When I asked Bard what it could list sources and links for, it listed a bunch of topics. However, when I asked it to share sources and links for a specific fact it said it couldn't do that since it was only a language model. On asking Bard why it wouldn't provide sources or links, here's what it said: 


Bottom line: AI ChatBots aren't a quick hack to finding factual information (yet), although it's important to note that Bard didn't share any inaccurate links when prompted.

On the other hand, one of the biggest problems with Googling things, especially for research, is not knowing how to ask the right questions, or how to get the best creative suggestions. Thus, using ChatGPT as a starting point for your research, for creative suggestions, or for first-draft ideas is very useful, since it summarizes key points or suggests ideas on a topic exceptionally well.

What is Gemini and how is it different from Bard and ChatGPT?


Google Gemini is a cutting-edge language model family developed by Google AI. It builds upon Google's earlier language models like LaMDA and PaLM, making significant advances in how it interacts with and understands the world.
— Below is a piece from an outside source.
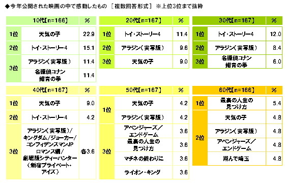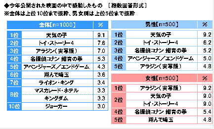全回答者(1,000名)に、今年公開された映画の中で感動したものを聞いたところ、1位『天気の子』(9.1%)、2位『トイ・ストーリー4』(7.6%)、3位『アラジン(実写版)』(7.0%)、4位『名探偵コナン 紺青の拳』(5.3%)、5位『アベンジャーズ/エンドゲーム』(4.3%)となった。『君の名は。』で一世を風靡した新海 誠監督の最新作が1位となった。

When I asked Gemini how it was different from Bard, here's what it said: "In October 2023, Google Bard transitioned to using the underlying technology of the Gemini family of AI models, specifically the "Gemini Pro" version. This change reflected the fact that Gemini offered several improvements over Bard:

  • Data and Training: Gemini is trained on a much larger and more diverse dataset compared to Bard. This includes not only text but also code, images, and audio, allowing it to have a broader understanding of the world and language.
  • Capabilities: As a result of the richer training data, Gemini possesses a wider range of capabilities compared to Bard. It excels at generating different creative text formats, translating languages, writing different kinds of creative content."

As for how Gemini differs from ChatGPT, here's what it has to say: "Gemini leverages Google Search technology, allowing it to access and process real-time information from the internet, potentially providing more up-to-date responses. This difference can be crucial for tasks requiring the latest information, although it's important to note both models are still under development and constantly evolving."
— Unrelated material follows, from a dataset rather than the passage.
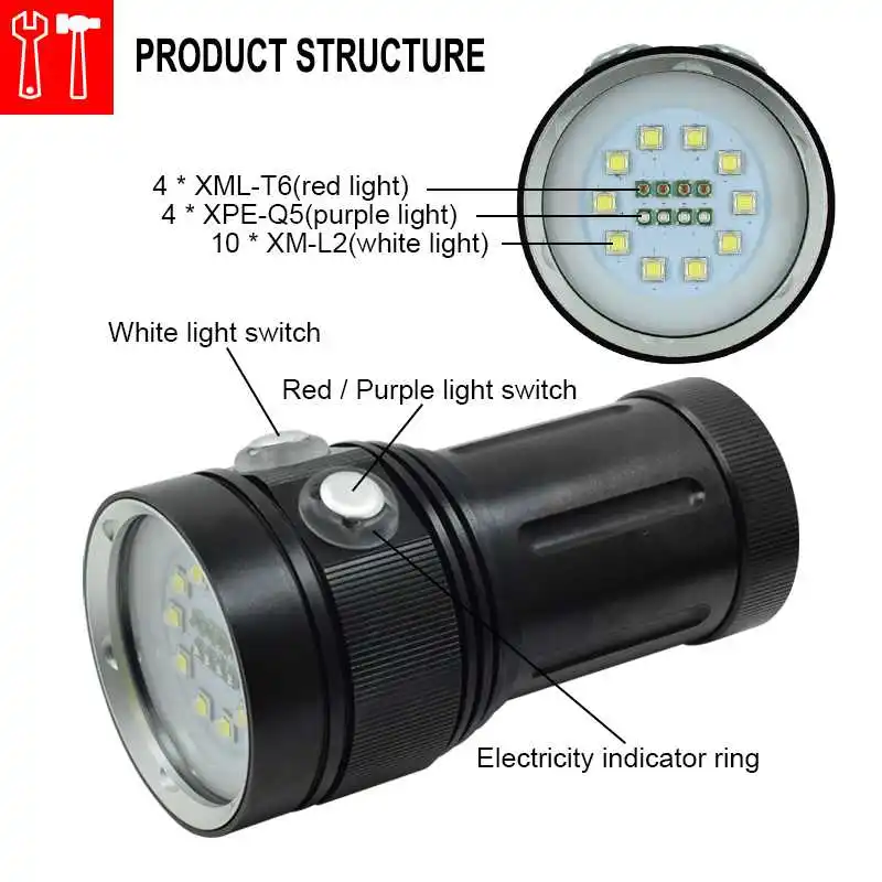 Подводной фотографии видео заполнить фонарик для подводного плавания 10 * L2 + 4 * R + 4 * UV/фиолетовый световой факел Подводный фонарик лампа Особенности: 1. 100% абсолютно новый и качественный Professional Дайвинг фонарик водостойкий факел для подводного видео и фотографии. 2. Объектив: 6 мм поликарбонатная панель. 3. Двойная функция контроля безопасности: Этот легкий фонарик был защищен от неправильной установки батареи. 4. сверхглубокий Тренч структуры нескользящий эффект отлично подходит при дайвинге. 5. Обработка поверхности: жесткий анодирование премиум-класса. 6. износостойкий твердый и хороший отвод тепла, сопротивление ржавчине и коррозии. 7. длительный срок Светодиодный 100000 часов) и водостойкий анти-шок. 8. подходит для активного отдыха, таких как дайвинг, Подводная Работа, наземное освещение, кемпинг, альпинизм, рыбалка, или используется дома, как ремонт или поиск мелочи. Технические характеристики: 1. Название бренда: WasaFire 2. Модель: Multifunction Подводная фотосъемка 3. Лампа: 10 * белый XM-L2 светодиодный + 4 * красный светодиодный + 4 * УФ/фиолетовый светодиодный 4. 2 Переключатель: 1 переключатель 10 x L2 светодиодный 3 режима: High-Mid-Low 1 переключатель 3 режима: 4 x красный светодиод-4 x УФ/фиолетовый светодиод-стробоскоп 5. угол света: 120 ° 6. Питание: 4x18650 литий-ионная батарея (не включает) 7. Рабочее напряжение: от 2,8 В до 4,5 в 8. Водозащита: 100 м под водой 9. Вес нетто: 531 г Посылка включает: 1 х светодиодный фонарик для дайвинга (не включает аккумулятор или зарядное устройство)

On the other hand, ChatGPT (3.5) never got to know Bard because of its earlier 2021 knowledge cut-off date. Funny thing is, it doesn't really know who Gemini is as well, due its current 2022 knowledge cut-off.
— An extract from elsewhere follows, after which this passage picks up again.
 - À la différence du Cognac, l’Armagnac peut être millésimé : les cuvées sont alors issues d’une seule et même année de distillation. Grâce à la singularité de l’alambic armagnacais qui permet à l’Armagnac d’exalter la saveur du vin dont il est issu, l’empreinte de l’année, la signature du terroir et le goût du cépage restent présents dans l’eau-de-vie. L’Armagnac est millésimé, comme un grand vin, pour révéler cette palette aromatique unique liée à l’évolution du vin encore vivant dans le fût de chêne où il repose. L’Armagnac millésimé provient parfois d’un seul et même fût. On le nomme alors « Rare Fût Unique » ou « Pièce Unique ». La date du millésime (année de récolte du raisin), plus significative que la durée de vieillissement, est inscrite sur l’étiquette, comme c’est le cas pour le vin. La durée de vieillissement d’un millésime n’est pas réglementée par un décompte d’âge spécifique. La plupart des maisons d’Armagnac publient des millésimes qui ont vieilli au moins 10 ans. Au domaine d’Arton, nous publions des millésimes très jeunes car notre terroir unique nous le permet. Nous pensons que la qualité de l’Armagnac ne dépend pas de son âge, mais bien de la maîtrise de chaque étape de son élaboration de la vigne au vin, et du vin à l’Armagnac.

How can businesses use technologies like OpenAI?

Keeping aside its inability to train itself on real-time search data from the internet like Bard, OpenAI's ChatGPT is still incredibly powerful when it comes to solving problems. It's great for executing mundane tasks and automating repetitive, time-consuming manual tasks like writing generic emails, summarizing information, rewriting text, suggesting new ideas, or writing descriptions.

In fact, the Alumio iPaaS (integration Platform as a Service) provides modern businesses with a connector package to integrate OpenAI with their business processes. In the world of e-commerce and digital integrations, this helps businesses automate some of the aforementioned manual tasks, including automatically generating product descriptions, creating sales emails, writing picture descriptions, and generating customer support responses to common questions.

Explore all the automation that the Alumio OpenAI Connector provides by reading our blog on: Integrating the Future with OpenAI

In conclusion

Like any true good Bard’s story, most of what’s stated in this blog is subject to perspective and meant to inspire thought rather than to lay down facts as objective truths. Since I’m a human bard, I get to have my subjective perspective on such stories and will mostly be forgiven for creative liberties taken.

However, when it comes to AI Bards and ChatGPTs, they may draw human consumers in with the lure of conversation, but it is my opinion that they will always be judged based on the accuracy of the information that they provide. Because, let’s face it - when it comes to having hypothetical conversations - there’s no beating the unpredictability of how inaccurate human conversations can be. So why wouldn’t/shouldn't we expect anything but accuracy when chatting with AI?